Now, this sort of information would typically be stored in a database; however, this is just an example of where an application takes input from a user to interact with the application’s operating system.
An attacker could abuse this application by injecting their own commands for the application to execute. Rather than using grep to search for an entry in songtitle.txt, they could ask the application to read data from a more sensitive file.
This code snippet below is an application written in Python.
The “flask” package is used to set up a web server
A function that uses the “subprocess” package to execute a command on the device
We use a route in the webserver that will execute whatever is provided. For example, to execute whoami, we’d need to visit http://flaskapp.thm/whoami.
Exploiting Command Injection
Command Injection can be detected in mostly one of two ways:
- Blind command injection
- Verbose command injection
| Method | Description |
| Blind | This type of injection is where there is no direct output from the application when testing payloads. You will have to investigate the behaviours of the application to determine whether or not your payload was successful. |
| Verbose | This type of injection is where there is direct feedback from the application once you have tested a payload. For example, running the whoami command to see what user the application is running under. The web application will output the username on the page directly. |
Detecting Blind Command Injection
Blind command injection is when command injection occurs; however, there is no output visible, so it is not immediately noticeable.
For this type of command injection, we will need to use payloads that will cause some time delay. For example, the ping and sleep commands are significant payloads to test with.
Another method of detecting blind command injection is by forcing some output. This can be done by using redirection operators such as >
The curl command is a great way to test for command injection. This is because you are able to use curl to deliver data to and from an application in your payload. Take this code snippet below as an example, a simple curl payload to an application is possible for command injection.

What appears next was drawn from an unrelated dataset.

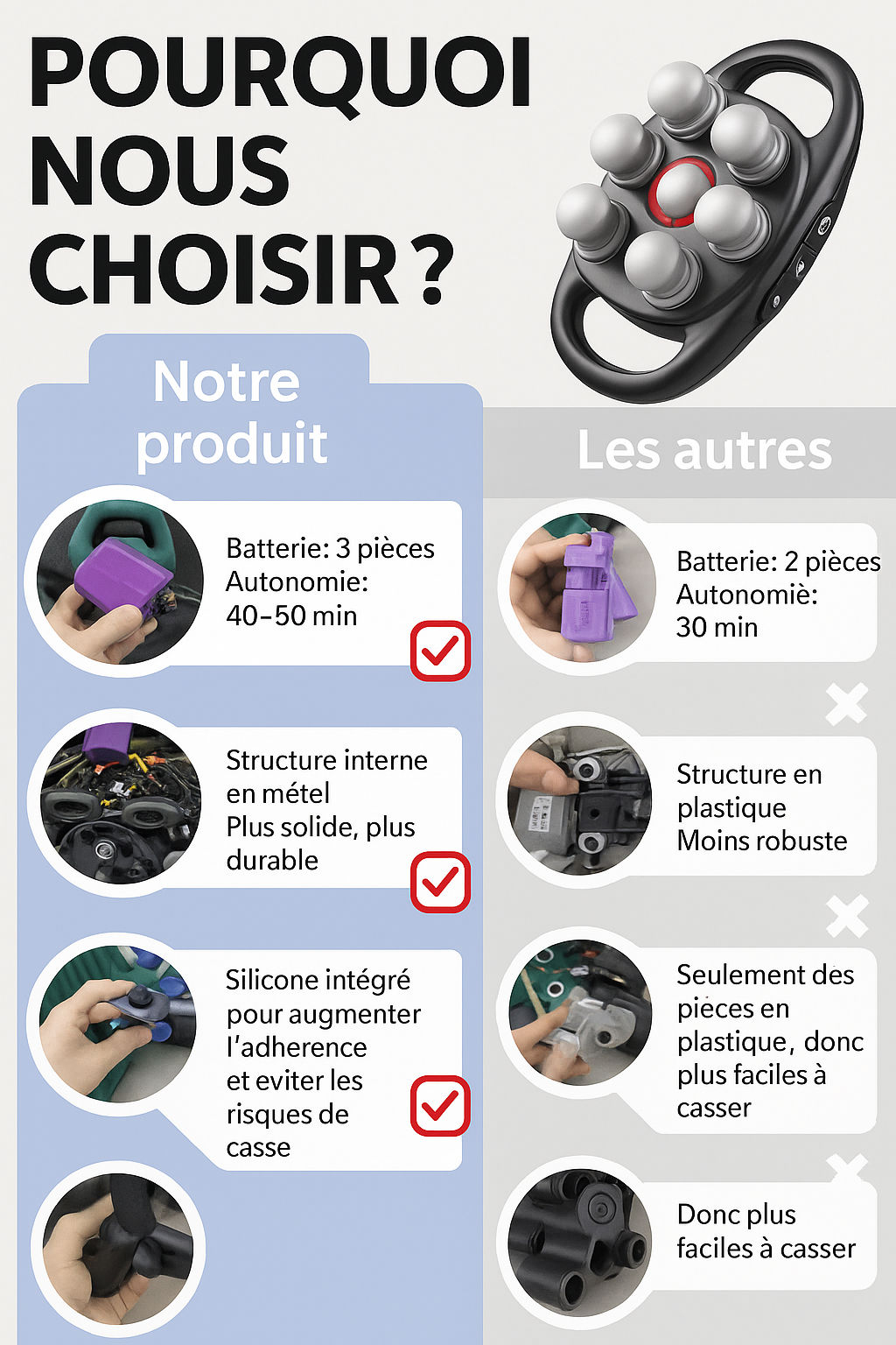 Plusieurs têtes de massage – Comprend des embouts interchangeables pour un soulagement ciblé.

curl http://vulnerable.app/process.php%3Fsearch%3DThe%20Beatles%3B%20whoami
Linux
| Payload | Description |
| whoami | See what user the application is running under. |
| ls | List the contents of the current directory. You may be able to find files such as configuration files, environment files (tokens and application keys), and many more valuable things. |
| ping | This command will invoke the application to hang. This will be useful in testing an application for blind command injection. |
| sleep | This is another useful payload in testing an application for blind command injection, where the machine does not have ping installed. |
| nc | Netcat can be used to spawn a reverse shell onto the vulnerable application. You can use this foothold to navigate around the target machine for other services, files, or potential means of escalating privileges. |
Windows
| Payload | Description |
| whoami | See what user the application is running under. |
| dir | List the contents of the current directory. You may be able to find files such as configuration files, environment files (tokens and application keys), and many more valuable things. |
| ping | This command will invoke the application to hang. This will be useful in testing an application for blind command injection. |
| timeout | This command will also invoke the application to hang. It is also useful for testing an application for blind command injection if the ping command is not installed. |
Remediating Command Injection
Vulnerable Functions
In PHP, many functions interact with the operating system to execute commands via shell; these include:
- Exec
- Passthru
- System
In the snippet below the application will only accept and process numbers that are inputted into the form. This means that any commands such as whoami will not be processed.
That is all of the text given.